Q | Do you think that there will be a certain simplification of history with the Black Lives Matter movement? That everything will be reduced to a villain versus victim binary?

A | Indian history is complicated, too. Slavery was prevalent in India right up till the mid-19th century. There were massive numbers of black slaves shipped from Ethiopia and Somalia to India throughout the Middle Ages. This is not something that happened elsewhere. This is a big part of Indian history.

Residence in ruins Clive’s summerhouse in Dum Dum, near Kolkata | Salil Bera Residence in ruins Clive’s summerhouse in Dum Dum, near Kolkata | Salil Bera

Q | There were attempts to vandalise Gandhi’s statue, too. In India, there has been an attempt to revisit the legacy of leaders like Gandhi.

A | Gandhi and Churchill are well oddly paired. In a way, they are heroes to an older generation and troubling to younger ones.

Q | How do you see this Black Lives Matter movement with the toppling of the statue ending?

A | I think the general direction of history has to be in the direction of diversity, inclusivity and justice. In the long term, it is not sustainable in having totems of imperialism on every street corner.... You will gradually see them being taken down and put into museums. The specific movement of George Floyd, I say this with regret, that sort of moment of action has gone…. There are more pressing anxieties. [But] just like we have seen in the British High Commission in Delhi, all those imperialists who had been filling the drawing room of the High Commission are not there anymore.
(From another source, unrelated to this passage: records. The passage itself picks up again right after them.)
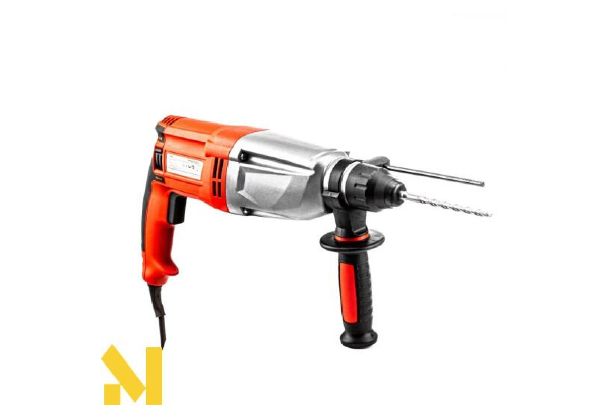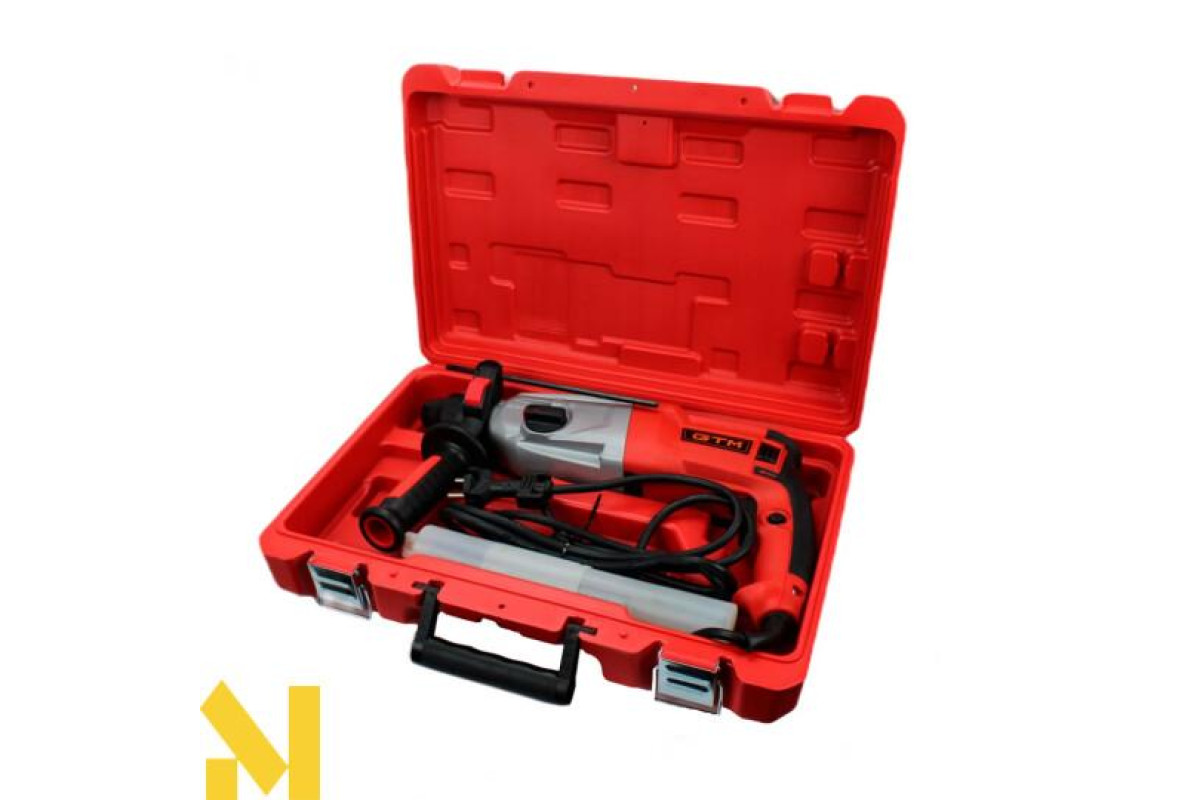 Перфоратор GTM RH28/850EV - напівпрофесійний перфоратор для проведення свердлильних робіт під час ремонту та будівництва В інструмент встановлений продуктивний колекторний двигун потужністю 850 Вт, який живиться від побутової мережі 220 В. У перфораторі є 3 робочі режими: просте свердління, свердління з ударом і довбання. Також для зручності є режим налаштування кута зубила для більш комфортної роботи. Перфоратор поставляється у міцному пластиковому кейсі з набором піків та бурів.
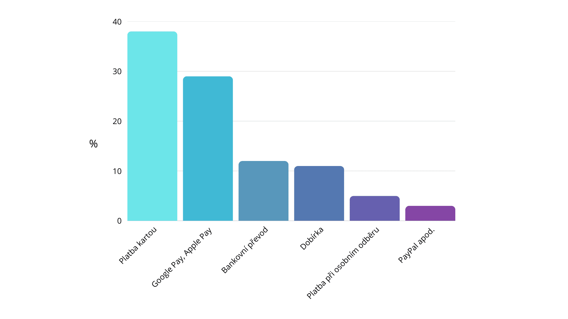 Zásadní je i další číslo: 18 % zákazníků nedokončí nákup, pokud v pokladně nenajdou svou oblíbenou platební metodu. To má přímý vliv na míru opuštění košíku i celkové tržby.
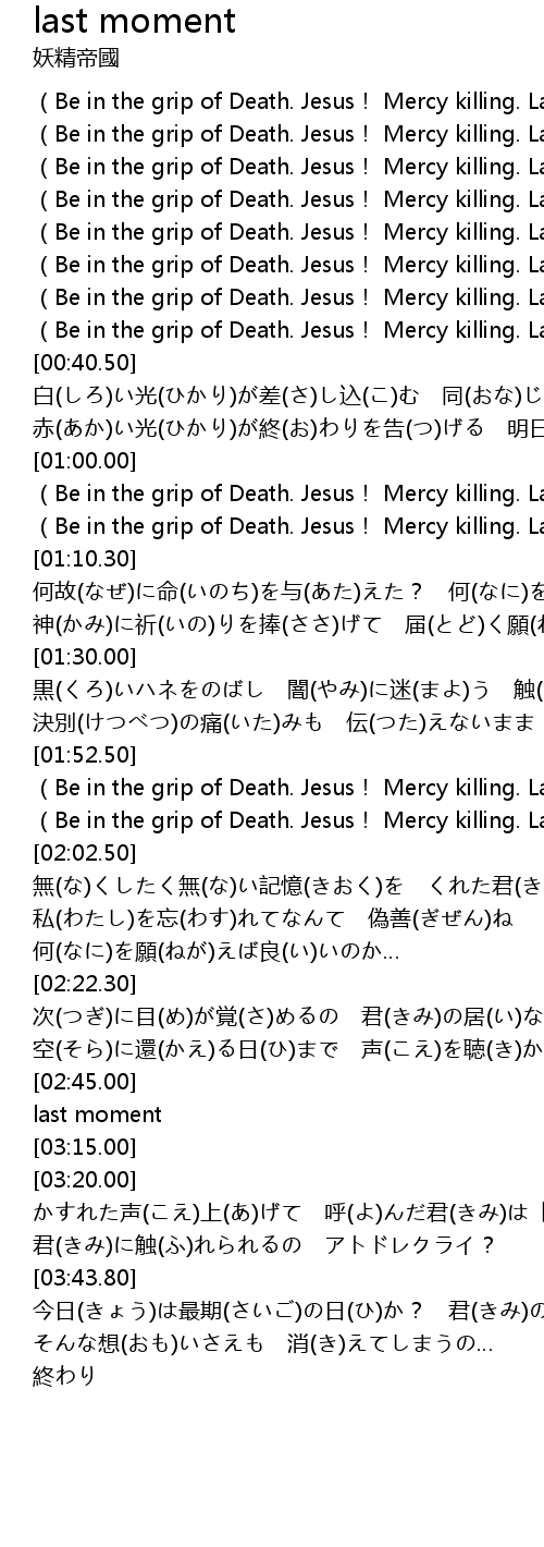 | [00:20.59] | (Be in the grip of Death. Jesus! Mercy killing. Last moment. ) |

You have more [art] by Anish Kapoor and the Singh Twins representing a more modern vision of India-British relationship.... Meanwhile, I will continue to push for people to be educated and push it in the British curriculum.

Q | Do you think that will happen?

A | I hope it will.... I don’t think it will happen in (t)his particular government. In the course of time, it has to happen. It is something I will continue pushing for. I think it is the key. Unless you have that people’s knowledge of the Raj, it will be Merchant Ivory films with constant tea-parties.